Git Product home page Git Product logo

Comments (16)

shicai avatar shicai commented on May 24, 2024 6

lr_mult和decay_mult的默认值是1.0,如果没有任何设置,那就是1,也就是这层的参数按照base_lr进行学习。

from densenet-caffe.

shicai avatar shicai commented on May 24, 2024 6

BatchNorm里面的三个参数(mean,variance等)是计算得到的,不是权重更新得到的,因此不能加weight decay和lr mult,所以param需要设置为0,。

from densenet-caffe.

shicai avatar shicai commented on May 24, 2024 1

楼上正解,因为默认的lr_mult 和 decay_mult是1.0。
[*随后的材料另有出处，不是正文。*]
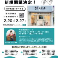 新たに「LELE music studio」さんで金曜日にギターのレッスンを始める事になりました。 無料体験会は、2/20と2/27に行います。ギターを楽しみたいという方やこれから始めようと思っている方等々、ぜひお申込み

见:https://github.com/BVLC/caffe/blob/master/src/caffe/proto/caffe.proto#L316

from densenet-caffe.

foralliance avatar foralliance commented on May 24, 2024

主要想问下,当没有这个参数param时,到底是按
 1. solver中的base_lr进行,
2. 还是相当于param{ lr_mult: 0},即,固定该层

from densenet-caffe.

DanLiu0623 avatar DanLiu0623 commented on May 24, 2024

layer { name: "conv1/bn" type: "BatchNorm" bottom: "conv1" top: "conv1" param { lr_mult: 0 decay_mult: 0 } param { lr_mult: 0 decay_mult: 0 } param { lr_mult: 0 decay_mult: 0 } batch_norm_param { use_global_stats: true eps: 1e-5 } }

比如这段bn参数的设置,三个param都是0是什么意思呢? @shicai

from densenet-caffe.

DanLiu0623 avatar DanLiu0623 commented on May 24, 2024

layer { name: "caffe.BN_5" type: "BN" bottom: "caffe.SpatialConvolution_4" top: "caffe.BN_5" param { lr_mult: 1 decay_mult: 0 } param { lr_mult: 1 decay_mult: 0 } bn_param { frozen: true slope_filler { value: 1 } bias_filler { value: 0 } } }那BN中这样定义的param是不就是权重更新得到的呢? frozen: true 这个参数相当于caffe中定义的use_global_stats: true 意思是TEST阶段,按说是使用全局的均值和方差来计算,可是lr_mult: 1是表示权重更新来学习这个参数吗? @shicai

from densenet-caffe.

DanLiu0623 avatar DanLiu0623 commented on May 24, 2024

我知道了,他这个项目里把batchnorm和scale写在一起了,最后权重更新学的就是那两个参数,可是我不明白batchnorm里的参数(均值和方差)都是计算得到的,为什么还要写成param { lr_mult: 0 decay_mult: 0 } param { lr_mult: 0 decay_mult: 0 } param { lr_mult: 0 decay_mult: 0 } 这样呢?不写可以吗?

from densenet-caffe.

foralliance avatar foralliance commented on May 24, 2024

@DanLiu0623
因为要保持这个参数不变.所以必须是0.
如果不写,lr_mult 和 decay_mult 默认的是1.
以上是自己的理解

from densenet-caffe.

foralliance avatar foralliance commented on May 24, 2024

@shicai

几个小问题:
1.
layer {
name: "conv1"
type: "Convolution"
bottom: "data"
top: "conv1"
param {
lr_mult: 1
decay_mult: 1
}
convolution_param {
num_output: 64
bias_term: false
pad: 3
kernel_size: 7
stride: 2
weight_filler {
type: "gaussian"
std: 0.01
}
}
}
在微调时,convolution_param 中的参数 weight_filler 是不是没有用,因为它会被预训练模型覆盖,根本不需要初始化.这里的理解对吗??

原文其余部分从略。